Le début du récit les montre pittoresques, nos hobereaux, réunis avec les notables, le maire, le curé, dans de joyeuses assemblées bien arrosées, à la manière de Maupassant. Mais les nouvelles de la guerre de 1870 perturbent le calme de cette petite région du Périgord. Comme il est d’usage en France à cette époque, on peut échapper à la conscription en « achetant un homme ». C’est ainsi que le fils d’un hobereau se fait remplacer par un fils de paysan, et chacun suit le déroulement des événements par les nouvelles qui arrivent lentement et imparfaitement dans ce coin reculé de province.
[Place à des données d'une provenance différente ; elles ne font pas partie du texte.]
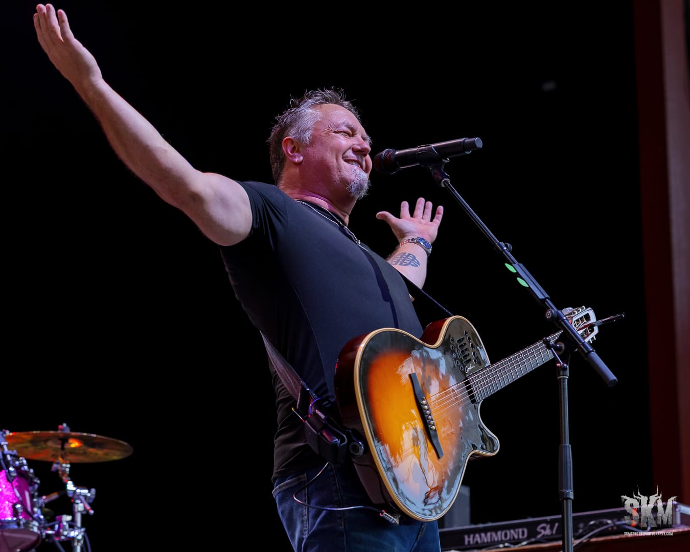 Edwin McCain walked out onto the stage with his band in tow and a smile on his face. Clearly happy to be on stage again, his set was a mix of songs with a bit of humor sprinkled in. He explained, "I'm 55 years old; this is my favorite decade by far, easily my favorite. We were playing this seated theater recently, and it was really quiet when I was walking out, and I heard this woman turn to her husband and go, using a fake woman's voice, "He looks OK. He looks OK," and I was like, "All right, I get credit for just waddling out here. This is awesome!" Fans were laughing at the story. He joked with fans that if you spend more than seven minutes in some home improvement store, you might hear one of his songs playing. He mentioned that when he reaches a particular emotional part in a song that chokes him up, all he has to do is think about how disgusting his 16-year-old daughter's room is right now, and he is good to go. The fans chuckled at his many stories. The band performed an excellent set that lasted forty-five minutes, during which Edwin McCain shared some more stories about what inspired him to write his songs. The performance included a blend of old and new material, including popular hits like "I'll Be" and "I Could Not Ask for More." Fans were on their feet at the end of the set, pumped up for the headliner!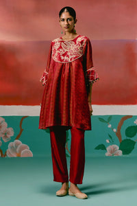 Distinctive and opulent, the Maroon Embroidered Anarkali Set features a velvet yoke with intricate gotta patti embroidery, handmade tassels, and beaded coin details. Crafted on a maroon tissue base, it’s paired with comfortable elasticated salwar pants—blending festive elegance with artisanal charm.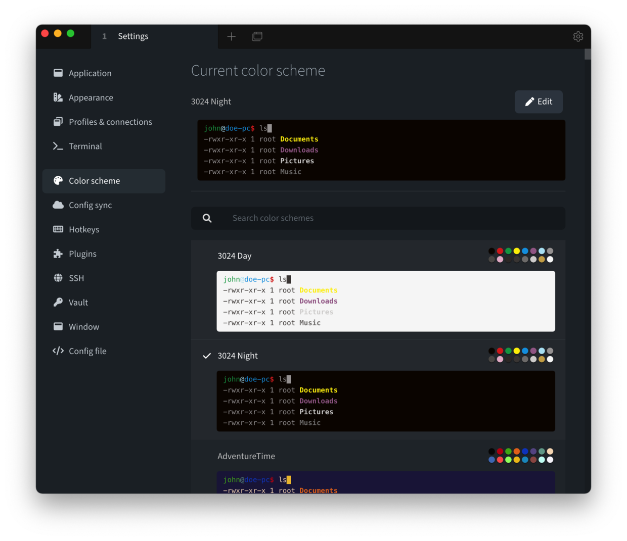 「Appearance」的菜单可以对 Tabby 的配色方案进行修改,里面的主题非常多,不过我感觉默认的就挺不错,毕竟是官方推荐的。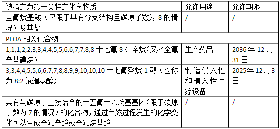 2024年12月左右,将PFOA相关化合物指定为第一类特定化学物质并实施禁令,并禁止进口含PFOA异构体或其盐及PFOA相关化合物的产品。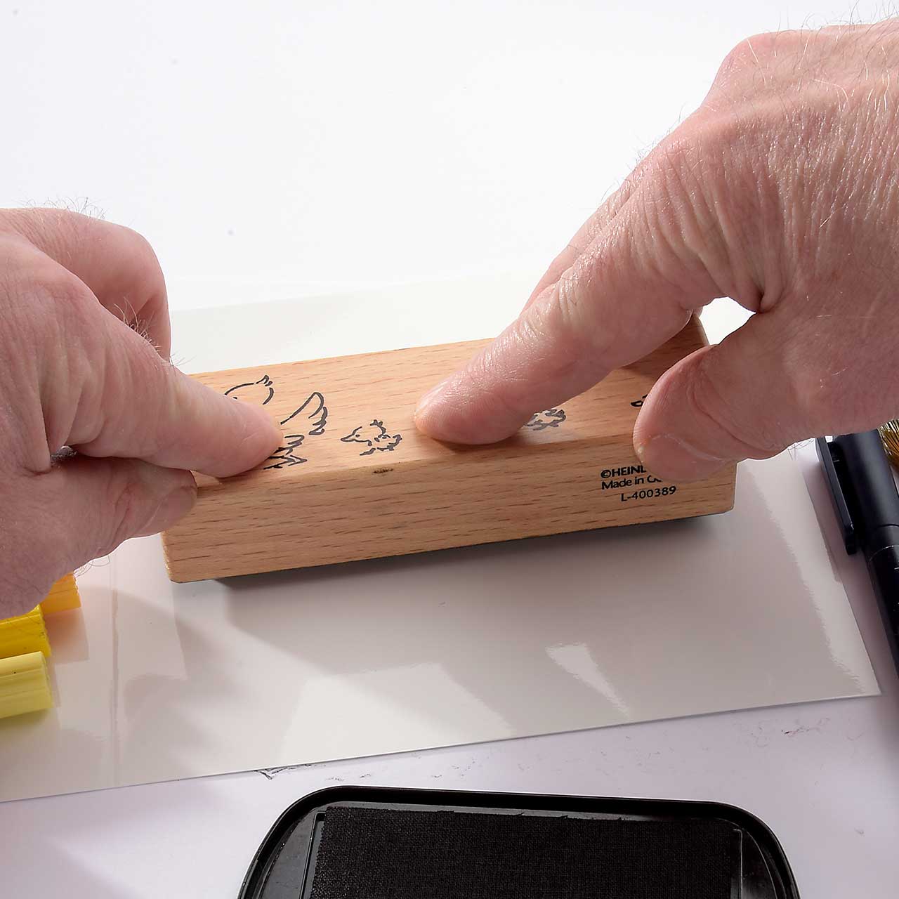 Für eine gute Handhabung der Stempel wird das Stempelgummi mit einer dämpfenden Schicht auf einen Griff geklebt. Dieser Griff besteht aus einem lackierten Buchenholzklötzchen, das das Motiv in original Größe zeigt.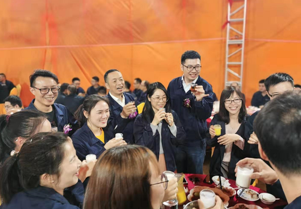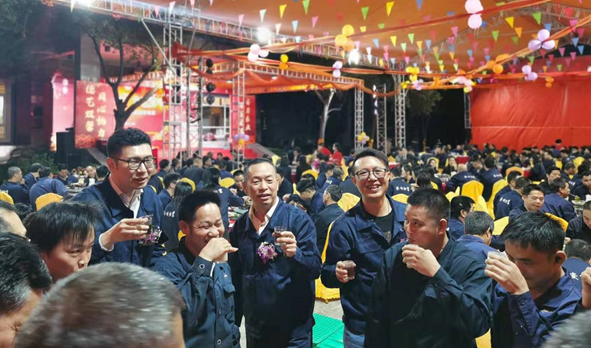 首先,周董事长对本次团年晚宴活动给予高度评价。周董说,今年我们的队伍迅速扩大,办公楼大厅已容纳不下这么多人,我们今年第一次将团年宴会移到了办公楼广场。从实际情况来看,今晚整体氛围非常好,各项组织跟踪到位,员工的节目表演也十分精彩。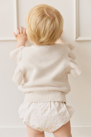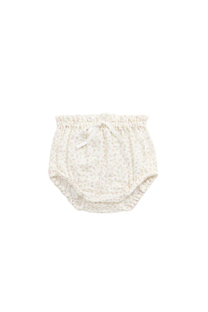 The Cleo Bloomer – Aries Mauve is a sweet and delicate piece, featuring a soft floral print on a creamy white base. Designed with an elastic waistband and leg openings for comfort, and finished with a tiny bow at the front, this bloomer is perfect for layering under dresses or pairing with a simple top.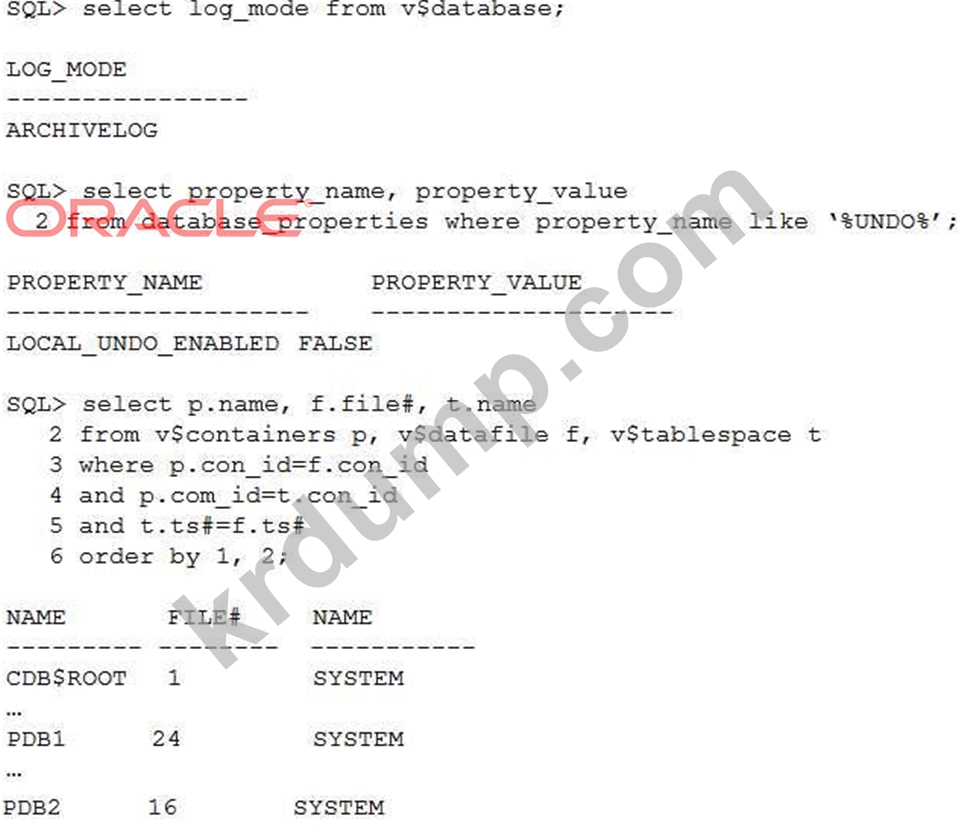 존재하는 유일한 RMAN 백업은 CDB$ROOT에 연결된 동안 backup database 명령으로 생성되었습니다.
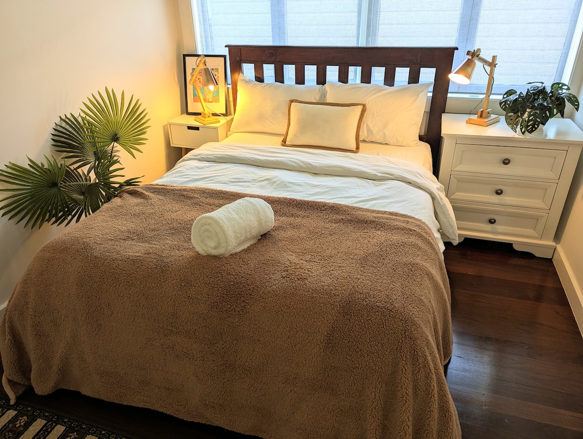 Alójate en el corazón de Bowen Hills, a unos pasos de los restaurantes de King Street, Strike Bowling y a 1 minuto a pie de Brisbane Showgrounds. Este elegante apartamento iluminado por el sol tiene capacidad para 4 personas con cama tamaño queen y un lujoso sofá cama en la sala de estar (ver fotos). Totalmente equipado con cocina, lavandería, wifi, TV inteligente y aire acondicionado. A solo 10 minutos a pie de RBWH, la estación de Bowen Hills y Fortitude Valley. Perfecto para parejas, familias o viajes de trabajo, tu acogedora base para explorar Brisbane. Diseñado para 2 personas, pero con capacidad para 4.
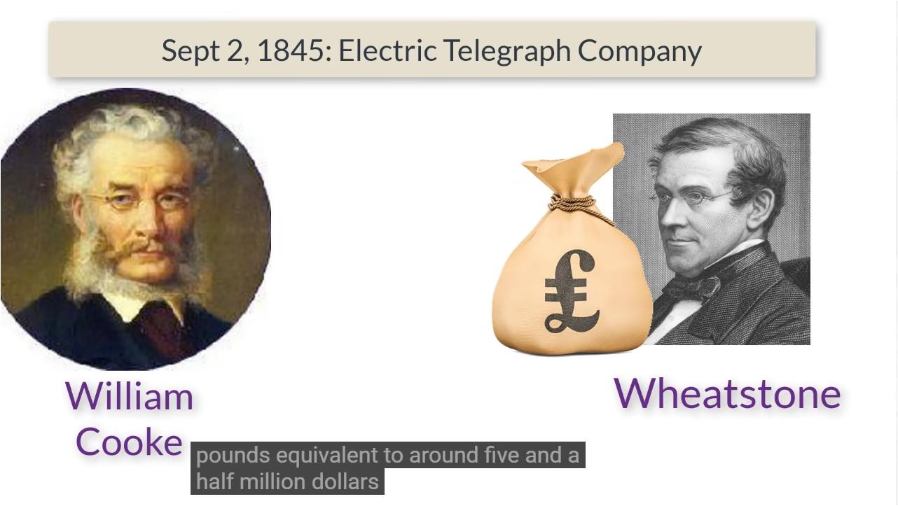 一年后正当库克他们与电报公司合作的时候,那位亚历山大·贝恩,还记得吗,他发了一封请愿书,状告惠斯通偷窃了它的电子钟和电报机设计,英国上议院一位成员认为贝尔的工作具有重要价值,公司理应给予他奖励。公司的确后来支付给贝尔一笔费用,同时也雇佣贝恩在公司里工作。公司也聘请了一位名叫亨利·梅普尔的人,这个人也声称惠斯通窃取了他的设计。为此惠斯通愤怒从公司离职。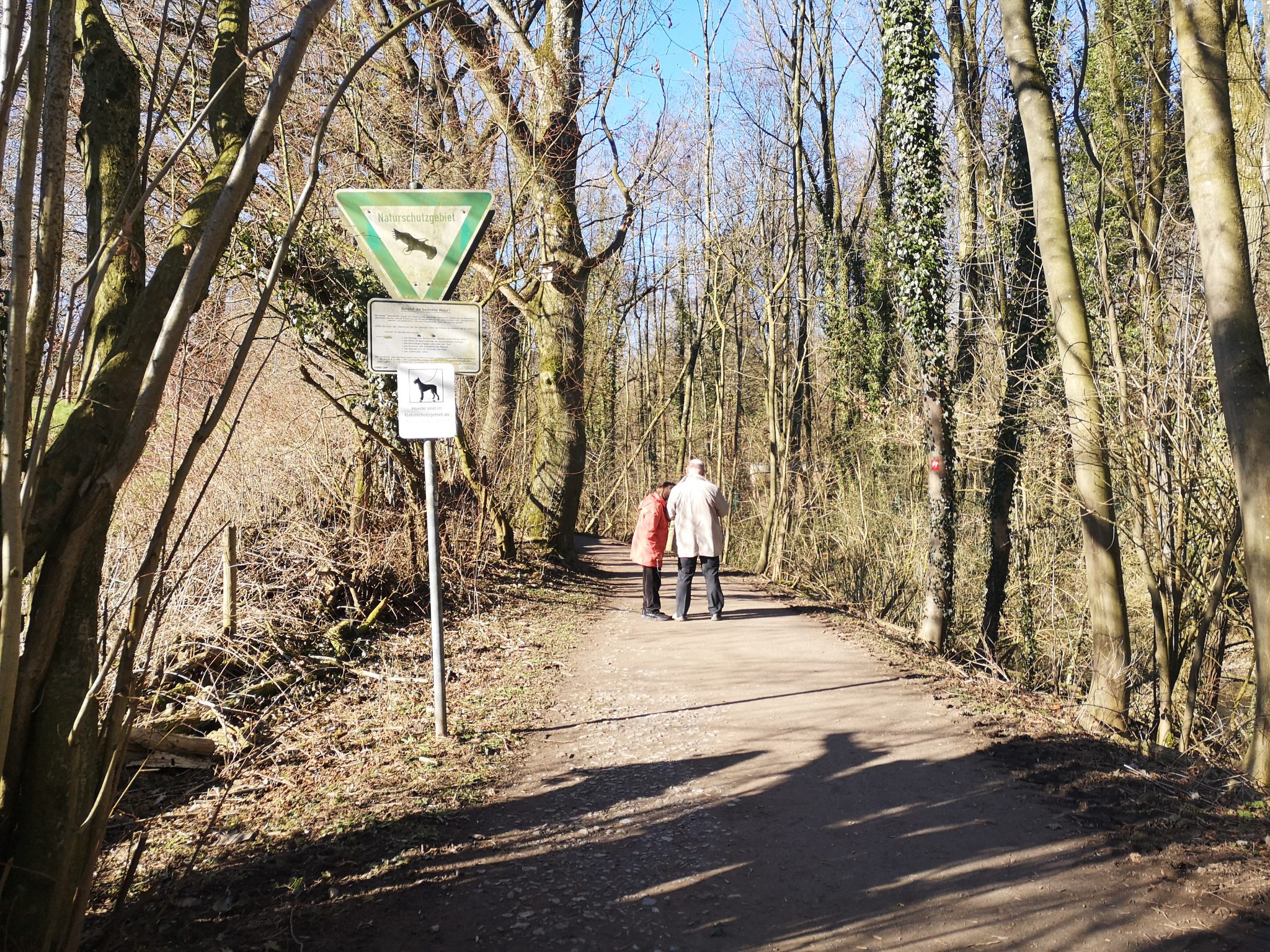 Kein Durchkommen – und das ist auch gut so. Schon ein Blick auf Google Maps hat es uns verraten: In der Nähe des Endpunktes der vorhergehenden (und somit Startpunkts der heutigen) Etappe, Stipps Teich, gibt es keine legalen Parkplätze. Also lieber das Naturschutzgebiet in Ruhe lassen, den Spieß umdrehen und da beginnen, wo wir höchstwahrscheinlich enden würden. Wer diesem Blog schon länger folgt, weiß Bescheid: Wir spazieren heute ausnahmsweise mit dem „Strom“ der Düssel am Ufer entlang – und nicht gegen ihn. Wer nicht sofort versteht, muss das hier lesen.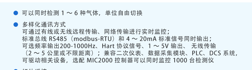 固定式安裝,在線檢測,擴(kuò)散式測量,管道式、流通式、泵吸式可選 |
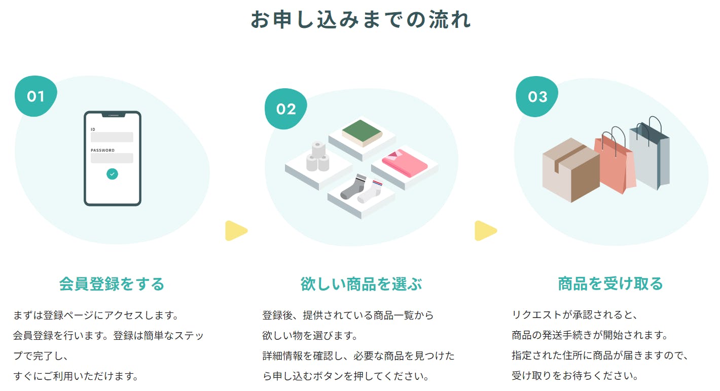 支援者が物資を登録する場合、賞味期限が長いものや、新品・新古品など、長期間使えるものであれば一品からでも登録可能です。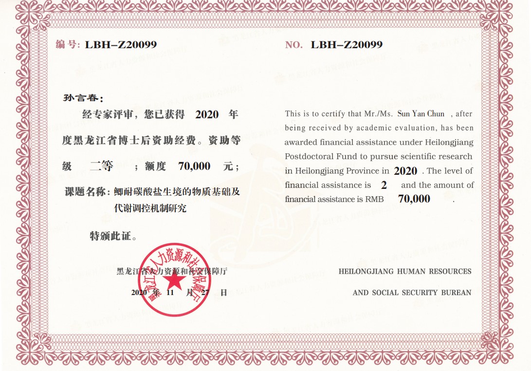 近日,我所博士后工作站基金资助申报工作接连取得新突破,根据《关于公布中国博士后科学基金第68批面上资助获资助人员名单的通知》(中博基字〔2020〕16号)以及《关于公布2020年度黑龙江省博士后专项经费获资助人员名单的通知》(黑人社函〔2020〕382号)文件通知,2020年度我所博士后工作站在站博士后孙言春获国家级面上资助,孙言春、刘洋、张圆圆3人获省级专项资助。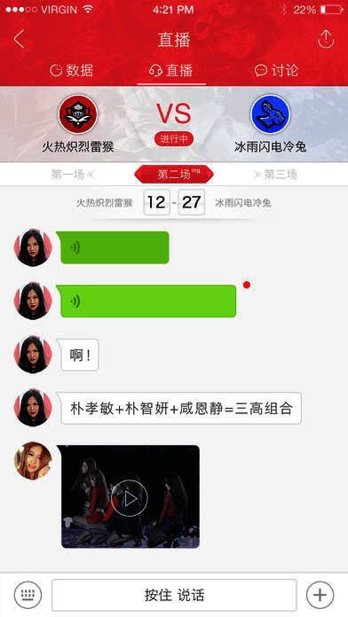 2、语音直播:wuli独家主播将比赛战况全方位无死角的通过语音文字图片直播,让你置身其中,即省流量还不卡;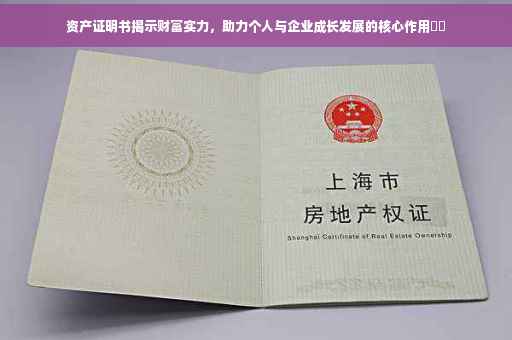 资产证明书在个人和企业发展中具有重要作用,它不仅是个人和企业经济实力的重要证明,也是个人信用评估、企业融资、商务合作等方面的重要依据,我们应当充分了解并善于利用资产证明书的作用,为个人和企业的成长发展提供有力支持,在办理资产证明书时,也需注意保护个人信息和资产安全,避免因操作不当而带来不必要的风险。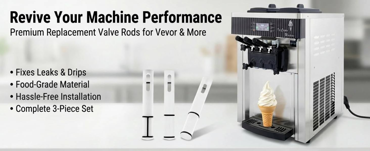 ملاءمة دقيقة لآلات VEVOR وYKF: تم تصميمها خصيصًا كبديل مباشر لآلات الخدمة الناعمة التجارية VEVOR وYKF. طول القضيب: 16 سم (حوالي 6.3 بوصة). يرجى التحقق من أن طول قضيب الصمام الأصلي الخاص بك يطابق 16 سم قبل الشراء لضمان ملاءمة مثالية ومقاومة للتسرب.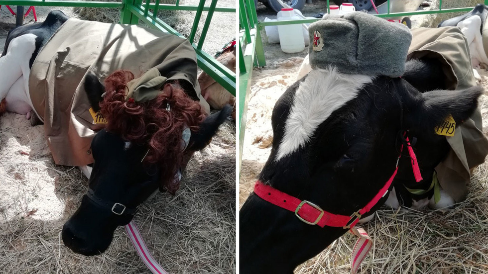 Посетитель Свенской ярмарки в Брянске Александр Коломейцев был возмущён, что коров на ней нарядили в форму Советской армии. Бурёнок в шапках и пилотках с советскими кокардами, накрытых гимнастёрками, он снял на видео.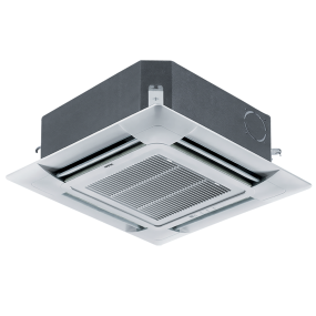 кассетная сплит-система, обогрев и охлаждение помещений до 70 м², мощность охлаждения 7000 Вт / обогрева 7000 Вт, режим вентиляции, поддержания температуры, ночной, осушения воздуха, приточной вентиляции, потребляемая мощность при охлаждении 2390 Вт / обогреве 2400 Вт, управление с пульта, уровень шума внутреннего блока 36 дБ / 44 дБ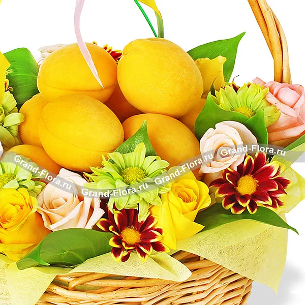 роза розовая (маленький бутон) - 4 шт., роза желтая (маленький бутон) - 5 шт., хризантема мелкоцветная зеленая - 1 шт., хризантема бордовая - 1 шт., рускус - 2 шт., фетр желтый, оазис, корзина малая, бант желто - зеленый, абрикос - 1 кг.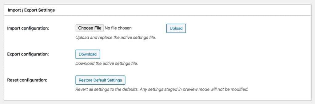 完成设置配置后,您可以使用W3TC的“Import/Export”功能来创建配置的备份。W3 Total Cache有很多设置,因此能够导出完整备份让您高枕无忧。此外,它允许您轻松地跨多个站点复制自定义W3TC配置,而无需手动配置任何内容。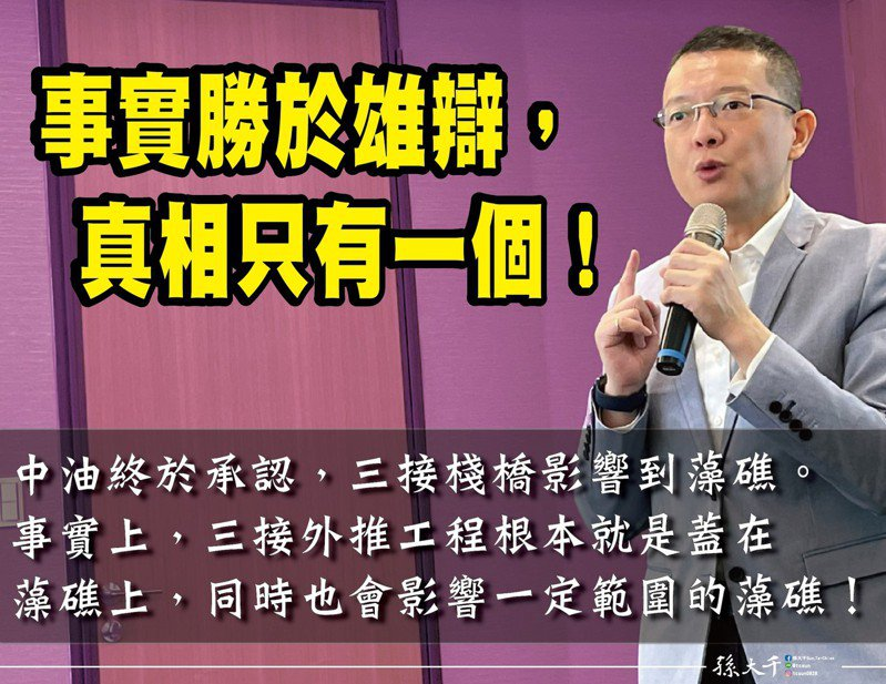 前“立委”孫大千在社交平臺表示,事實勝于雄辯,真相只有一個,臺“中油”終于承認(rèn),三接棧橋影響到藻礁。圖/取自孫大千社交賬號

Mais cette fois, c’est certain, l’Empereur, « l’aventurier qui a pris la place de nos princes », selon l’opinion des hobereaux, a été vaincu et chassé. Du surcroît, le jeune conscrit est mort au combat.
Il s’ensuit une colère des villageois qui soupçonnent les hobereaux de vouloir restaurer la monarchie honnie, au lieu d’une République égalitaire. Leur rage trouve à se déverser sur un jeune aristocrate qui passait par là et qu’une infirmité a gardé au village, tandis que son frère, valide, a refusé, lui, de se « payer un homme ». L’infirme subira un lynchage meurtrier d’une rare sauvagerie.
Ce court récit, qui s’achève sur la justice obtenue par la mère du malheureux, concentre une série impressionnante d’enjeux et de pistes de réflexion : analyse sociologique, psychologique, politique, médiatique, le tout dans un style enlevé et expressif.
Une très agréable surprise, de la part d'écrivains bien peu cotés de nos jours.